The best thing about Swarthmore are the people and the atmosphere. You are surrounded by brilliant, motivated, and diverse group of people, yet everyone shares the same sort of passion for something unnamed. We often discussed it at school, but the unnamed connection between Swatties has something to do with love of learning (even if you don't admit it), thinking, and being challenged. When I meet Swatties outside of school there is something that bonds us and conversations with once strangers can easily become four hours chatting like old friends.
As for size, it's about right. There are times when it can feel suffocating as you keep seeing the same people everywhere. That's when you go abroad or make efforts to meet people outside your circle of friends. But, the smallness of school really allows you to build community. It also makes a huge difference in the quality of education. We may have less breadth, but the interaction with teachers is unparelled.
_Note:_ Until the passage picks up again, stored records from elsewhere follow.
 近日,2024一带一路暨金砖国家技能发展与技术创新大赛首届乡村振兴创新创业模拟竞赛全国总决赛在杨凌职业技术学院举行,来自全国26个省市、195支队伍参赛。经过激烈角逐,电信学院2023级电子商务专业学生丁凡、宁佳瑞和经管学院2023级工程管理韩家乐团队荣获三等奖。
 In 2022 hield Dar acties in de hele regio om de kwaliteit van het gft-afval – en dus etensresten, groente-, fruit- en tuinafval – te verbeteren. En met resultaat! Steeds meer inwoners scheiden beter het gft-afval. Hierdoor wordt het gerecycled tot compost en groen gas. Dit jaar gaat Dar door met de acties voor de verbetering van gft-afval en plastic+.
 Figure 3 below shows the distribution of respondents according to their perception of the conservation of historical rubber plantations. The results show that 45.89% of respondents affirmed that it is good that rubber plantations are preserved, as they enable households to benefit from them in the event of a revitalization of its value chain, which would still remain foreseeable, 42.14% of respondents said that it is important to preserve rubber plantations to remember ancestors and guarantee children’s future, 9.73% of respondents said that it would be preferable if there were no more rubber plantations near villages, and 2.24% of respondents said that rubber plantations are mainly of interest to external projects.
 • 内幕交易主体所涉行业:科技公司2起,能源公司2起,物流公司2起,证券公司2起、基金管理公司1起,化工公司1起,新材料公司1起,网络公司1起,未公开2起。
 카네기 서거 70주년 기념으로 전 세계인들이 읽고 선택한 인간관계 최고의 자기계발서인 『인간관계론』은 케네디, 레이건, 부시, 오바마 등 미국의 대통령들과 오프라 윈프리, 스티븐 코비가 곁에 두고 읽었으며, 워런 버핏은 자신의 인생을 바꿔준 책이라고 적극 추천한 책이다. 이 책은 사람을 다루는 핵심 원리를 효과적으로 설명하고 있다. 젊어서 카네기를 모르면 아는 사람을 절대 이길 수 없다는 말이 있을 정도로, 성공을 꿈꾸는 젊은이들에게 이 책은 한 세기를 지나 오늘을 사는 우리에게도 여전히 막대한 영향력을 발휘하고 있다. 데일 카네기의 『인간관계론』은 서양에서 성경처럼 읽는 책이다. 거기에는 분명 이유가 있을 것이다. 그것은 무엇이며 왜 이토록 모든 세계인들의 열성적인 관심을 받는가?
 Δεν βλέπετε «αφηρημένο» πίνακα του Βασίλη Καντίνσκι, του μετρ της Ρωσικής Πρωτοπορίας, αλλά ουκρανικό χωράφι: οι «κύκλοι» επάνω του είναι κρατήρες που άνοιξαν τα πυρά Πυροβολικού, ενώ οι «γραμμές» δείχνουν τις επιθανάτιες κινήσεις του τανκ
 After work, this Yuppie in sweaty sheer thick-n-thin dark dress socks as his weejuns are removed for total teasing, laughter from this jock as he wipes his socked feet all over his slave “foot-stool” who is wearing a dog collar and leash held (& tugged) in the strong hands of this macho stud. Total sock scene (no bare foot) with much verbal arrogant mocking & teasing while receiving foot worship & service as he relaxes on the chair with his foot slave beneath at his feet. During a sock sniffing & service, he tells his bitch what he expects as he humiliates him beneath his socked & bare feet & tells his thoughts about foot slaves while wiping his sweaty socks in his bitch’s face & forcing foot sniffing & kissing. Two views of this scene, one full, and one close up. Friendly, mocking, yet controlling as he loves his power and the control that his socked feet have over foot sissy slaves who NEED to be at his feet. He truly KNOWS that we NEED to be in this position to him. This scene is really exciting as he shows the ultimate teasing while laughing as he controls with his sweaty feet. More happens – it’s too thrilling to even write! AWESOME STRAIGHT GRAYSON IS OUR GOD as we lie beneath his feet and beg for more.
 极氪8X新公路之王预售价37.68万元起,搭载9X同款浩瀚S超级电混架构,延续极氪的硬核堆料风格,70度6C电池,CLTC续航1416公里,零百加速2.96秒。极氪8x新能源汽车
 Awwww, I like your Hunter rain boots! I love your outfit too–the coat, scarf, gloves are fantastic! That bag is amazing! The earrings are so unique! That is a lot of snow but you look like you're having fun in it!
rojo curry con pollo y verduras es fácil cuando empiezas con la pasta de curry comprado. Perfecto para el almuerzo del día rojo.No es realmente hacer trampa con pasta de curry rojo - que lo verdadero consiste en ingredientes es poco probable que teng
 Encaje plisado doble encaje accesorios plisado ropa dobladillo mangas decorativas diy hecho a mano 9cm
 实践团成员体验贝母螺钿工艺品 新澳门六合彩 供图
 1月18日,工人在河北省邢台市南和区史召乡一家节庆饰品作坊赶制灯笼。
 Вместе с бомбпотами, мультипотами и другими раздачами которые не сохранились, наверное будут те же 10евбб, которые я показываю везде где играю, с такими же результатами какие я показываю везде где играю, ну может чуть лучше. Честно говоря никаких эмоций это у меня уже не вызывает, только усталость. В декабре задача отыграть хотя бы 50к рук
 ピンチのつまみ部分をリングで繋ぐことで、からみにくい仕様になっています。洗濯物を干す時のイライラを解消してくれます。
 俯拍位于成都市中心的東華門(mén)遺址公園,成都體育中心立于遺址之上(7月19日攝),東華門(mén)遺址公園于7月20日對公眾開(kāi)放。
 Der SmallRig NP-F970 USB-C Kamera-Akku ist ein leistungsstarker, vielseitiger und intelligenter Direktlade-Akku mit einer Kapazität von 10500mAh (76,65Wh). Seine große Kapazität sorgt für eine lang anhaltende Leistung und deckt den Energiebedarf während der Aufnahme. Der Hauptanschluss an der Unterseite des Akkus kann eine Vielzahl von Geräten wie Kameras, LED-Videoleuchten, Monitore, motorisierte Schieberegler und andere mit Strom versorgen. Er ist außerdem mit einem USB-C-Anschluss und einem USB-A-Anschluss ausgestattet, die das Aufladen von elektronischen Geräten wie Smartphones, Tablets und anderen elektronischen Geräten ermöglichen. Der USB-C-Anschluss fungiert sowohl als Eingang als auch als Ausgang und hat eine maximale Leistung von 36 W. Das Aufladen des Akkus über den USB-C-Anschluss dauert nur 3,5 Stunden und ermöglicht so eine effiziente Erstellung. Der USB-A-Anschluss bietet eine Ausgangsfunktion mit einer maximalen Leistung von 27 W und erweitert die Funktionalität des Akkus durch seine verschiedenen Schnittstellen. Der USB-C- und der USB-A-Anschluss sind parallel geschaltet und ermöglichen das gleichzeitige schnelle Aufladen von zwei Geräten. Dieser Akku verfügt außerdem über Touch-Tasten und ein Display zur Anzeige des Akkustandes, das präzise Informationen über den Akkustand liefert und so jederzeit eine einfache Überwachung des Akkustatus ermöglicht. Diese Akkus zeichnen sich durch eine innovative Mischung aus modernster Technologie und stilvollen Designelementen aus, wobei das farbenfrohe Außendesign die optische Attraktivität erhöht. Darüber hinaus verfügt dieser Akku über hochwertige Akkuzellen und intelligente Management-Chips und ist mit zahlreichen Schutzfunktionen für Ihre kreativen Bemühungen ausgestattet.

You may hate the fact that you can't hide from your professor, but the smallness of classes forces you to be really involved in your education (This isn't to say that you can't get away without doing the reading or skimming, you most certainly can, just pick your classes for that wisely).
I spent most of my time on campus bouncing around between the buildings in which I had classes, Parrish, Sharples, the fieldhouse, my dorm, McCabe, Science Center Commons, and working outside when it was beautiful. The best part was when I figured out that I could work outside late into the night, perched on the steps of Parrish that are have lights that go on in the evening. I was a bit of a nomad at Swat, especially in my study habits. Most of my friends could be found in 3-4 places on campus, I continually switched up my spots, depending on how well I was focusing in a certain area.
One of my favorite moments at Swat was walking outside of McCabe library one night int he midst of studying for my Honors exams. As I walked out of the library, the stars were shining, and a string quartet was playing on the steps of Parrish Hall. It was beautiful. There I was, all stressed out over exams and the music was a pause, a moment of silence in the otherwise frantic day. That's one of my favorite parts of Swarthmore - it's easy to get wrapped up in you as a student and the small worries and fears and stressors and then, there is one moment where you see someone bagpiping or you notice the flowers that sprung up outside your window or you run across a friend you haven't seen in a while and have a three hour conversation debating philosophy outside the rose garden. It's that one moment that you remember why you love the place.
That's probably the trick about Swarthmore. How do you keep it in perspective? You are there to learn, you have probably always done well in school, or could have done well if it interested you enough. It's easy to get caught up in the papers and the pressure that you mainly put on yourself. But if you can step back from time to time, it is a beautiful place and something you won't ever run across again once you leave.